19.04.2024

The justices puzzle over how to rein in partisan redistricting

ON OCTOBER 3rd, the Supreme Court considered an age-old and now technologically refined scourge of electoral politics known as gerrymandering-the practice by which state legislators of one party delineate contorted district lines to entrench their power and rope out rivals.

The term, coined in the early 19th century, mixes “salamander”- the shape of some districts after redrawing-and “Gerry” after the governor (Elbridge Gerry) who in 1812 signed a bill redistricting Massachusetts to benefit his party.  Gill v Whitford concerns precision-engineered legislative maps in Wisconsin, districts no one stood up to defend on the merits. Even Justice Samuel Alito, a sure vote to uphold the skewed maps, said that gerrymandering is “distasteful”.
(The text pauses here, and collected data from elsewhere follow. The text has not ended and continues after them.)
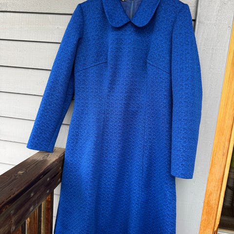 Kotimainen Soilituotteen crimplene cocktail / juhlamekko Kangas kimaltelevaa Suomen sinistä ja sopii erinomaisesti Itsenäisyyspäivä juhlintaan.
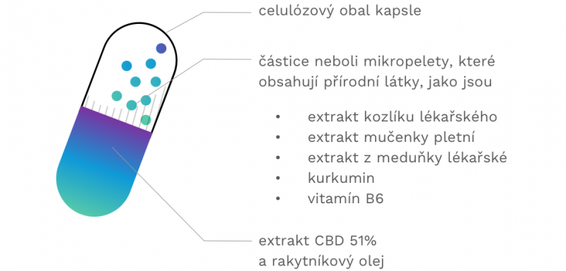 Full-spectrum CBD, rakytníkový olej (obsahuje nenasycené mastné kyseliny, třísloviny, vitaminy a flavonoidy), extrakt z kozlíku lékařského, mučenky pletní a meduňky lékařské, kurkumin, vitamin B6.
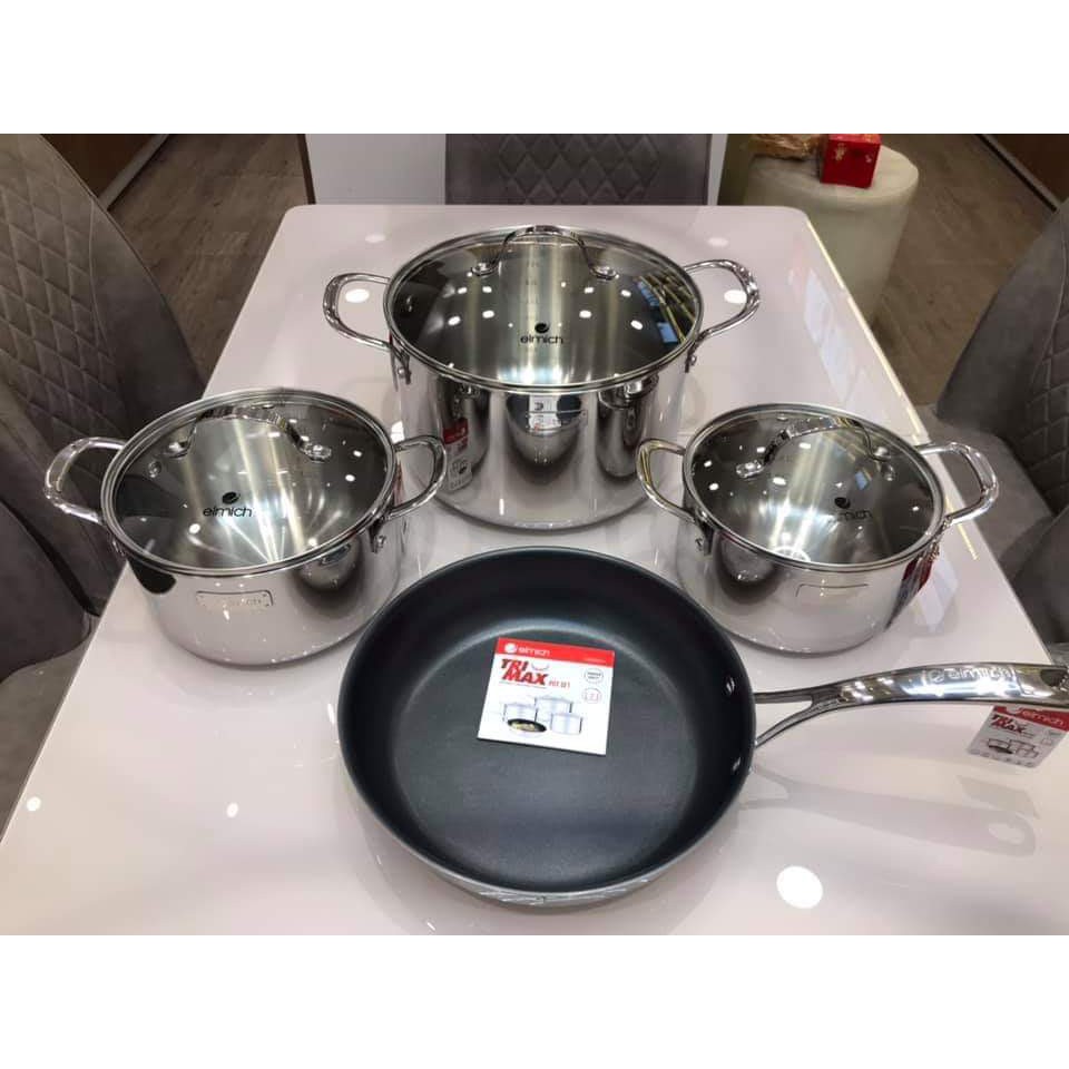 BỘ NỒI CHẢO ELMICH 3742 INOX CAO CẤP 3 LỚP ĐÁY LIỀN TRI-MAX 4 CHIẾC SIZE 18CM, 20CM, 26CM VÀ CHẢO 26CM
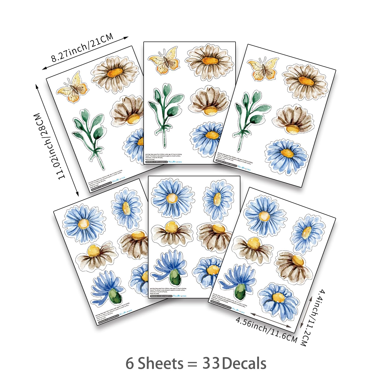 YouRfocus Blue Daisy Wall Decals | 33 PCS Boho Flower Stickers for Girls' Rooms, Playrooms, and Nurseries | Dual Layer Print for High Coverage | Removable Peel and Stick Wall Decor | 6 Sheets

The central question on the justices’ minds was whether courts are equipped to police the process by which states draw their maps, and if so, how exactly they should determine when draughtsmen cross a line.

Two worries about the state of American democracy-one about elections, another about courts-animated the hearing. Paul Smith, the lawyer challenging Wisconsin’s electoral districts, sounded the first alarm. Unless the justices affirm a lower-court’s ruling that Wisconsin violated America’s constitution when, in 2011, it redrew lines to entrench a Republican majority for years to come, they will give states a “free pass” to “effectively nullify democracy” when legislatures redraw maps following the 2020 census.

We are “at the cusp of a really serious problem”, Mr Smith told the nine jurists. Using sophisticated computer modelling and thousands of alternative maps, Wisconsin Republicans mustered new lines delivering them nearly two-thirds of the state Assembly seats in 2012 and 2016 despite a voting bloc comprising only about half of the electorate. That may be the tip of the iceberg. A “festival of copycat gerrymandering the likes of which this country has never seen” awaits America, Mr Smith warned, unless the justices resolve to act now.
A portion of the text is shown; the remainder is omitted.